Penyanyi keroncong yang hampir selalu mengenakan kebaya saat tampil ini, tak takut twist musik dari genre berbeda ini akan merusak musik keroncong. Tapi justru membuat keroncong lebih dinamis dan menarik kaum muda.
"Musik keroncong jika dibawakan seperti adanya, bikin takut anak muda," ujarnya dengan aksen bahasa Jawa yang tak bisa hilang.
Ditemui di sela gelaran Keroncong Week pekan lalu, perempuan yang terlahir dengan nama Sundari Untinasih Soekotjo mengatakan, ini semua dilakukan atas masukan putri semata wayangnya, Putri Intan Permata atau yang lebih dikenal dengan nama Intan Soekotjo. Intan sejak kecil sudah bertekad untuk mengikuti jejak sang ibu menyanyi keroncong.
Diakui, tak mudah menjaga keroncong di tengah gempuran musik dari luar. Musik keroncong yang mendayu serta teknik menyanyi yang butuh ketrampilan tinggi ini membuat anak muda 'ngeri' dan menjauhi musik keroncong.
Makanya, ia menekankan pentingnya para pelaku musik keroncong untuk menjemput bola demi merawat musik yang pernah berjaya di tahun 1930an ini. Para pemusik keroncong harus membuka diri pada anak muda yang ingin menekuni musik 'asli' Indonesia ini.
"Terserah pada mereka -anak muda- mau dibikin seperti apa, selama pakemnya tidak dirusak," ujarnya.
Lantas dari bibirnya meluncur penjelasan tentang musik keroncong yang secara umum dibentuk dengan dua buah ukuleles, sebuah cello, seorang pemain guitar dan bass. Jadi twist musik dari genre lain 'tak boleh' meniadakan elemen inti ini.
Sundari juga menyimpan keyakinan bahwa musik keroncong tak akan mati. Hanya saja dari pengalamannya selama lebih hampir 40 tahun menggeluti musik keroncong, musik ini juga tidak akan pernah booming. Penyanyi atau pencipta lagu muda, terus lahir di tengah makin berkurangnya penggemar musik ini.
Maka demi melestarikan musik keroncong, Sundari pun membentuk Yayasan Keroncong Indonesia (Yakin), sebagai ajang kumpul-kumpul pencinta dan pelaku musik keroncong di Indonesia.
Demi menyemai benih cinta pada musik keroncong, Sundari juga tak segan menyambangi sekolah-sekolah di pelosok tanah air yang ingin belajar lebih mendalami musik keroncong.
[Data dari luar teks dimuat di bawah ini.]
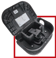
Fits low profile bait stations such as the RBS 1EZ-Secured™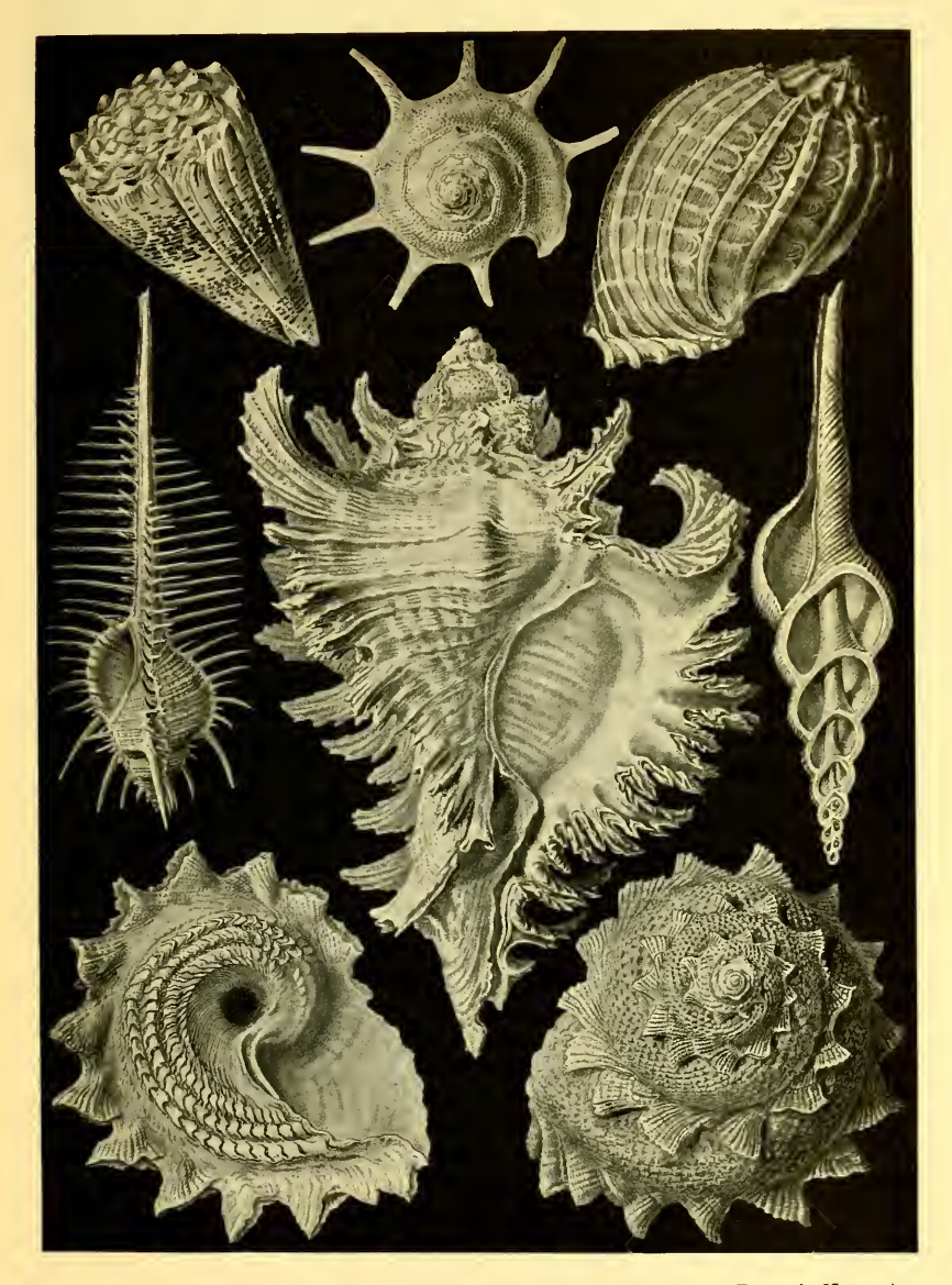
POSOBRANCHIA. Specimens of beautiful snail-shells. (Haeckel's Artistic Forms in Nature.)

hidden beauty. He has not only contributed his share toward deciphering the riddles of the universe, but he has also a keen appreciation of the wondrous beauty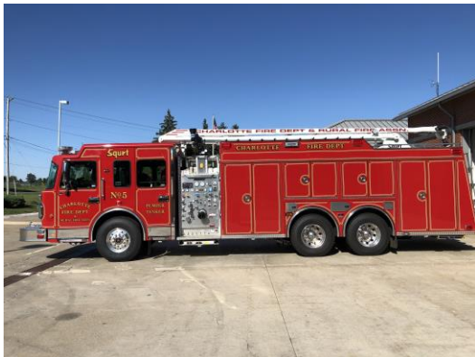
315 Snorkel / Tanker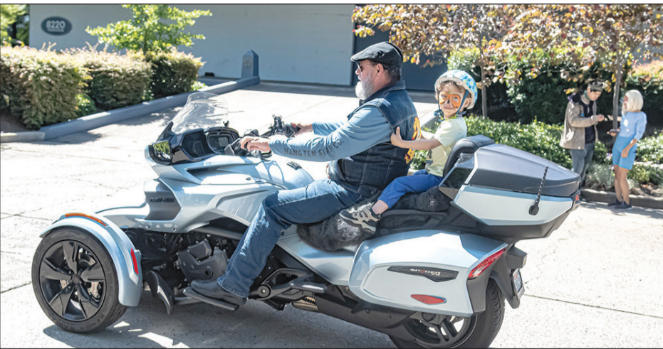
Christian Motorcyclists Association members at Special Kids Day gave motorcycle rides to youth at Depot Park.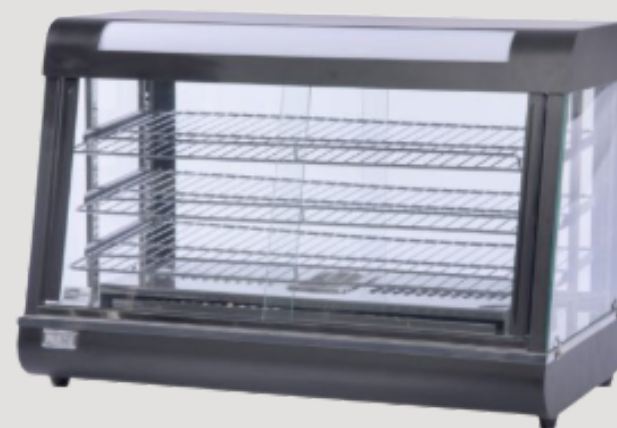
EQUIPMENT - FOOD DISPLAY WARMER QUANTITY - 1 SIZE - 66CM PRICE PER ITEM - R550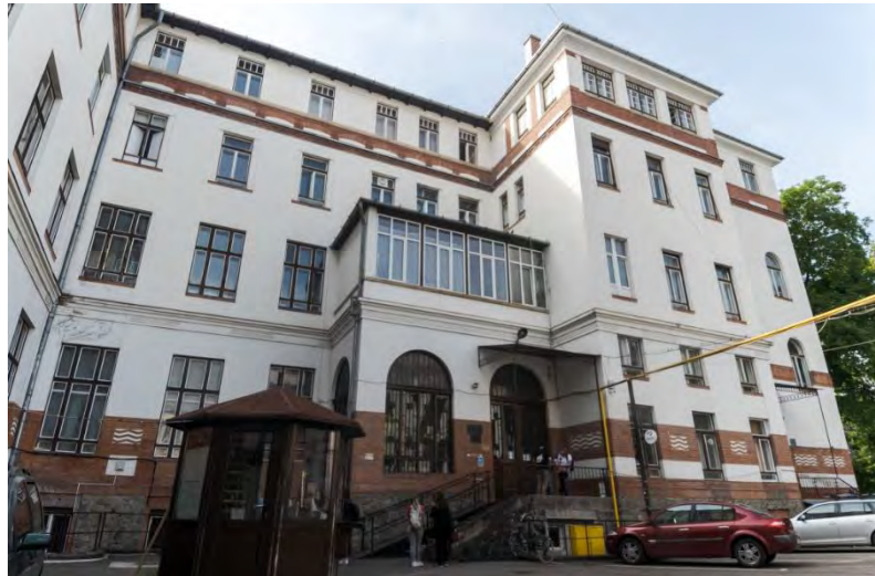
The campus of the Faculty of Biology and Geology

There are a lots of accommodation possibilities in and around Cluj. Hotels, hostels and pensions are everywhere, and they come in every shape and with very different prices. The middle of September should be ok, all the big festivals (Untold, Electric Castle, Jazz in the Park, Transylvania International Film Festival) are already over. For up to 15 participants we can offer accommodation in the Universitas Hotel of the UBB for 155 RON/night/person (circa 34 €). Breakfast is not included, it should be paid separately. Would you be interested, let us know in an e-mail. First come, first served.

Semua ini dilakukan demi mewujudkan mimpinya, agar Indonesia memiliki sebuah orkestra musik keroncong yang seluruh posisinya diawaki kaum muda.
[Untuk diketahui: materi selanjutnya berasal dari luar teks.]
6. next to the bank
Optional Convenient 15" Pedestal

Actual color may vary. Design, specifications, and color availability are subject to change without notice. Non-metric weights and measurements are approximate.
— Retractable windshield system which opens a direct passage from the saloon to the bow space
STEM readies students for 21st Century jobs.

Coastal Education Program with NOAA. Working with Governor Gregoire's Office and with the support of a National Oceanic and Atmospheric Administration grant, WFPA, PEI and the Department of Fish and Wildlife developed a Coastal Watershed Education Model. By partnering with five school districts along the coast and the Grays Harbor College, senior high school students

"Apalagi jika kelompok ini bisa mendunia," ujarnya berangan-angan.
Kecintaan Sundari pada musik keroncong, ditularkan oleh sang ayah Soekotjo Ronodihardjo. Tentara berpangkat letnan satu (alm) yang hobi menyanyi lagu keroncong memperkenalkan Sundari kecil pada musik mendayu-dayu itu. Ia sering mengajak putri keduanya ini menyanyi bersama.
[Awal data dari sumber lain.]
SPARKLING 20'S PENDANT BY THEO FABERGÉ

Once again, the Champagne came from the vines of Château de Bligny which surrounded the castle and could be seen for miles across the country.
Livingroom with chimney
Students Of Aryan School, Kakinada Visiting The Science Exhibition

Meski mengaku kerap mengelak saat disuruh latihan, Sundari membantah jika kecintaannya pada musik keroncong karena paksaan. Dia mengisahkan jatuh cinta pada keroncong, ketika menyaksikan penyanyi Waldjinah di televisi. Ia terpesona dengan penampilan penyanyi Jawa ini, dan sejak saat itu bertekad menjadi penyanyi keroncong.
Sundari yang pernah bercita-cita menjadi psikolog ini memang pernah menjajal jalur pop, tapi akhirnya yakin dengan pilihannya di musik keroncong.
“Saya menggeluti musik keroncong karena kemauan sendiri. Musik keroncong mampu memberikan ketenangan dan kepuasan tersendiri yang tidka bisa saya rasakan dari musik lain,” ujarnya memberi alasan.
Untuk mewujudkan mimpinya, Sundari kecil lantas belajar menyanyi keroncong pada beberapa guru. Tahun 1975, saat berumur 10 tahun, ia mulai mengikuti lomba menyanyi keroncong mewakili sekolahnya, SD Halim Jakarta.
Sundari makin yakin dengan jalan yang dipilihnya, setelah pada 1979 ia keluar sebagai juara kedua di ajang juara bintang radio dan TV untuk kategori keroncong dewasa perempuan. Meski untuk itu, ia harus mencuri umur karena sata itu umurnya belum mencapai 15 tahun.
"Kebaya dan sanggul yang saya kenakan berhasil 'membohongi' tim juri. Waktu itu duduk di bangku SMP 80 Halim dan umur saya masih 14 tahun,” ujarnya sambil tergelak.
Juara satu bintang radio televisi diraihnya, empat tahun kemudian. Dan namanya makin dikenal.
Selain menyanyi, Sundari yang meraih gelar sarjana dari IKIP Jakarta ini sempat mengajar kesenian di SMA 38 Jakarta. Namun ini tak bertahan lama, karena ia lebih fokus pada karir menyanyinya.
Tahun 2002 menjadi tahun yang penuh berkah baginya. Pada tahun ini, ia merilis album keroncong asli berjudul "Ingkar Janji" yang menjadi album keroncong asli pertamanya. Album ini berhasil mengantar Sundari menerima keroncong Award 2002 yang diselenggarakan Yayasan Bina Suci dan Radio Republik Indonesia.
Di tahun yang sama, ia juga menerima penghargaan khusus dari dewan kategorisasi di ajang AMI Sharp Award ke-6. Di tahun itu juga, ia berhasil menuntaskan pendidikannya di Universitas Negeri Jakarta (dulunya IKIP).
Setelah itu Unti kembali mengejar cita-cita lamanya menjadi psikolog. Sambil terus beryanyi, ia belajar manajemen Sumber Daya Manusia. Dan pada Februari 2010, ia berhasil mempertahankan desertasinya berjudul "Pengaruh Budaya Organisasi, Perilaku Kepemimpinan dan Kepuasan kerja terhadap Komitmen Organisasi Karyawan PT Pembangunan Perumahan (persero)" dengan yudisium cum laude.
"Saya sengaja belajar manajemen sumber daya manusia karena ingin lebih mengembangkan musik keroncong dengan mempelajari bagaimana perilaku musik keroncong," paparnya.
Kini sambil mengajar Manajemen Sumber Daya Manusia, mbak Unti terus berusaha merawat dan mengembangkan musik keroncong. Ia berharap dengan tidak menjadi kolot, makin banyak anak muda yang menyukai musik keroncong yang sudah menjadi nafas kehidupannya.